Does Shor’s algorithm affect all types of encryption equally?
Shor’s algorithm specifically threatens asymmetric cryptographic systems, including RSA, elliptic curve cryptography, and Diffie-Hellman key exchange, all of which rely on the integer factorization or discrete logarithm problems. It does not directly threaten symmetric encryption algorithms like AES or cryptographic hash functions. Those face a different and less severe threat from Grover’s algorithm, which is addressed by increasing key and output lengths rather than replacing the algorithms themselves. A complete quantum-resilient security posture requires addressing both threats, but they involve different urgencies and different technical responses.

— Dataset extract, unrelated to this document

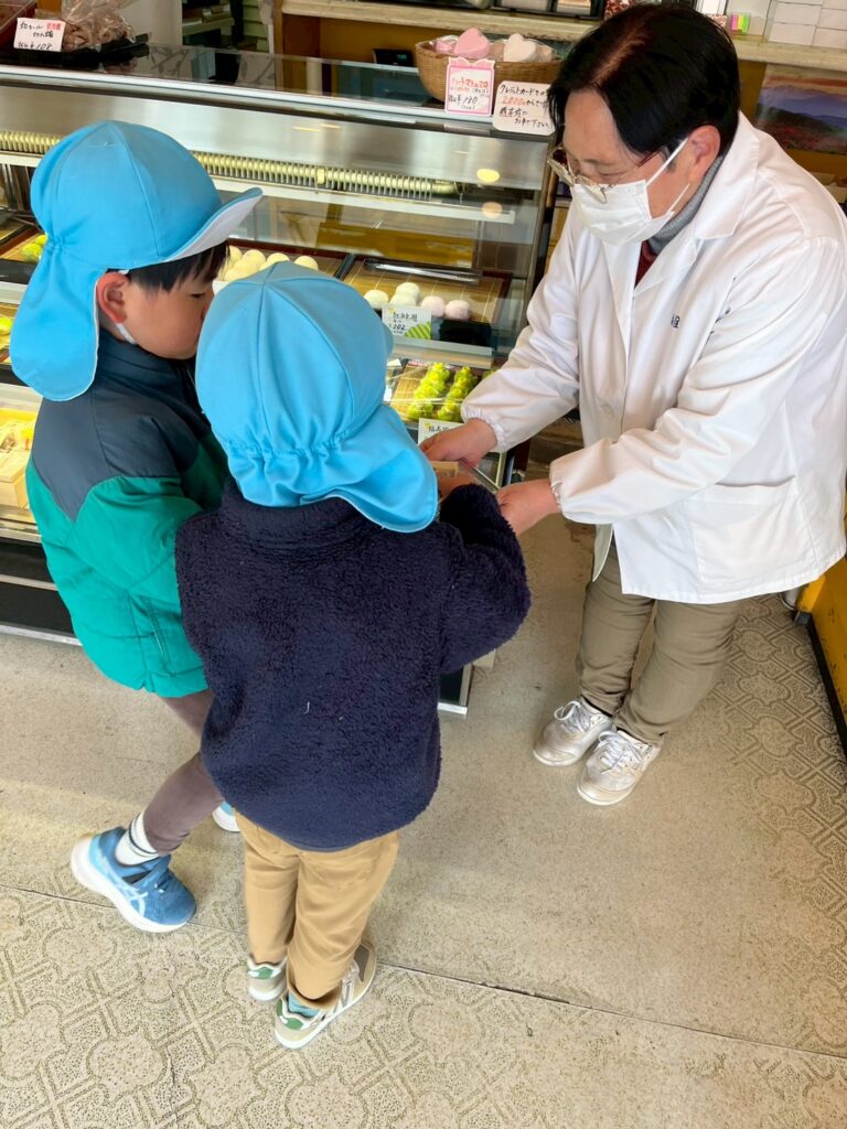 お店の方が、生和菓子を子どもたちの食べやすい大きさにしてくださり、ひとつひとつ大切に持ち帰りました。地域の方との温かなやりとりも含め、子どもたちにとって貴重な経験となりました。

What is the difference between post-quantum cryptography and simply using longer RSA keys?
Increasing RSA key lengths provides no meaningful protection against Shor’s algorithm. Because Shor’s algorithm scales polynomially with the size of the number being factored, increasing key length increases the difficulty of the quantum attack only modestly compared to how dramatically it increases computational cost for legitimate operations. Post-quantum cryptography replaces the mathematical problems targeted by Shor’s algorithm with entirely different problem types, primarily lattice problems and hash functions, for which Shor’s algorithm provides no speedup. Longer RSA keys are not a viable path to quantum resistance; algorithm replacement is.